Which method is more appropriate will depend, of course, on the change being proposed but also on how employers present and ’sell’ the change to their employees.
Which ever route is chosen, it will not be totally risk-free. For example, if a pay reduction is unilaterally imposed there may still be a claim, despite the employee’s continued working, that they are working under protest and that the employer has breached their contract. A claim for constructive dismissal could follow. Alternatively, the employee may simply refuse to work under the new terms.
In addition, if terminating the existing contract and re-engaging on new terms, the employer must ensure the following, to avoid claims for unfair and wrongful dismissal:
- the correct notice period is given;
- there is a fair reason for the dismissal; and
- it was reasonable for the employer to dismiss the employee following a failure to reach an agreement to the variation(s).
Notice periods
Employers must ensure that they comply with their notice period obligations. Statute implies minimum notice periods into every contract of employment. These state that:
- where an employee is employed continuously for at least one month but less than two years they are entitled to a minimum notice period of one week; and
- employees with two years’ continuous employment or more are entitled to one week’s notice for each complete year, up to a maximum of 12 weeks’ notice after 12 years.

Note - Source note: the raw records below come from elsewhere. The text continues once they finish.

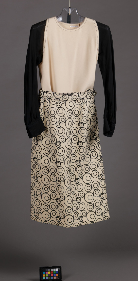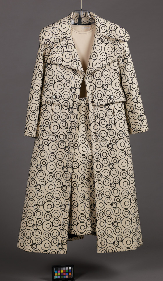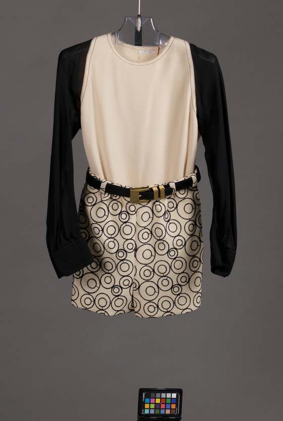Coat, Skirt, and Hot Pants: Wool plain weave with wool thread machine embroidery; Blouse: Silk plain weave (crepe), silk plain weave (chiffon); Belt: Patent Leather, metal
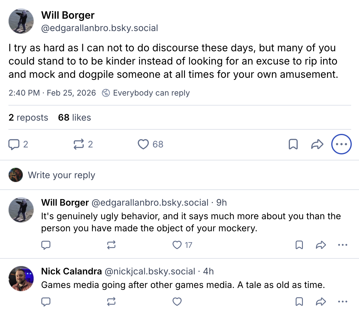 It’s quite amusing that after writing my original thread with thoughts on this, I happen to see Will Borger’s post and Nick Calandra’s subsequent reply vague-posting about some sort of games media drama.
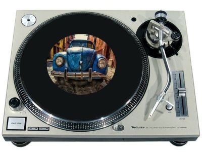 High quality felt turntable slipmat imprinted with an image of Bent Up Bug. The mat is regular thickness (3/32" or 2mm) and is sized to fit any 7 inch turntable. It is anti static, has a glazed bottom to grip and avoid slippage, feels great and works well for scratching or just playing your records. The image is impregnated into the surface of the mat, so it cannot scratch off or damage the record.
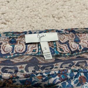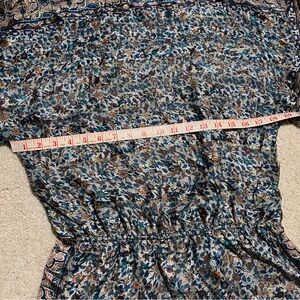 Elegant top with intricate blue and gold patterns. Lightweight and stylish.
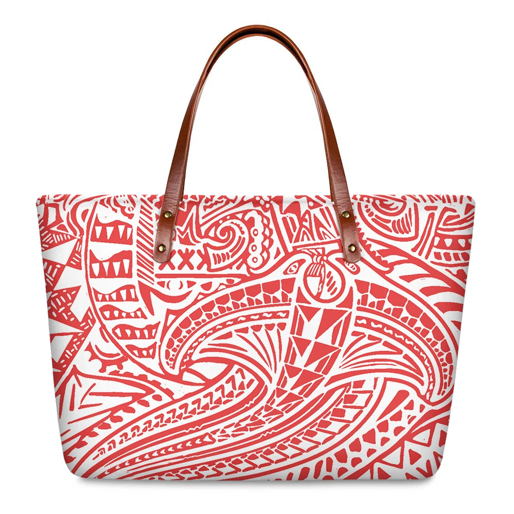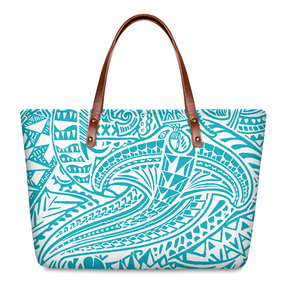 Factory Supply Luxury Ladies Tote Bag For Shopping Tribal Polynesian Floral Fabric Printing Customized Fashion Women Handbags

An employer cannot agree in the contract to give less than the statutory minimum. Longer notice period however can be agreed and employers should consider whether that is appropriate. In addition, employers should consider whether to include a payment in lieu of notice (PILON) provision. Failure to provide the correct notice (or, if applicable, correctly comply with a PILON clause) may result in a costly wrongful dismissal claim. Where a contract is silent on notice the courts may imply a reasonable period, which could be up to six months for a director.
Summary of key points
- DO make the contract clear and ensure minimum terms are covered.
- DO identify whether additional terms are required i.e. a confidentiality clause. intellectual property clause, non-compete on termination clause etc.
- DO consider whether a payment in lieu clause is required.
- DO be aware of the options where a variation to an employee’s terms is proposed – consider which method is most appropriate in the circumstances.
- DON’T restrict flexibility – include a variation clause.
- DON’T forget to check the employee’s entitlement to notice.
- DON’T assume an employee’s rights are only contained in their contract - employees have numerous implied rights.